YOUR ASSIGNMENT — A line below contains "Pierścionek z mosiądzu", and a later one contains "Cremet spinat er". Repeat both, with every line between them, exactly.
[[ DATASET ENTRIES, beginning ]]
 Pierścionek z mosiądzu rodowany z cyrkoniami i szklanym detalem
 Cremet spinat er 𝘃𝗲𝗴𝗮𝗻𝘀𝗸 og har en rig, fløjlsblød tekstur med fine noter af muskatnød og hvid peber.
[[ DATASET ENTRIES, end ]]
[[ DATASET ENTRIES, beginning ]]
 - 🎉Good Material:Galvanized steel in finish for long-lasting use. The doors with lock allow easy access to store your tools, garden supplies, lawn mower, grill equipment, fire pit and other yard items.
[[ DATASET ENTRIES, end ]]
WRITTEN SOLUTION —
 Pierścionek z mosiądzu rodowany z cyrkoniami i szklanym detalem
 Cremet spinat er 𝘃𝗲𝗴𝗮𝗻𝘀𝗸 og har en rig, fløjlsblød tekstur med fine noter af muskatnød og hvid peber.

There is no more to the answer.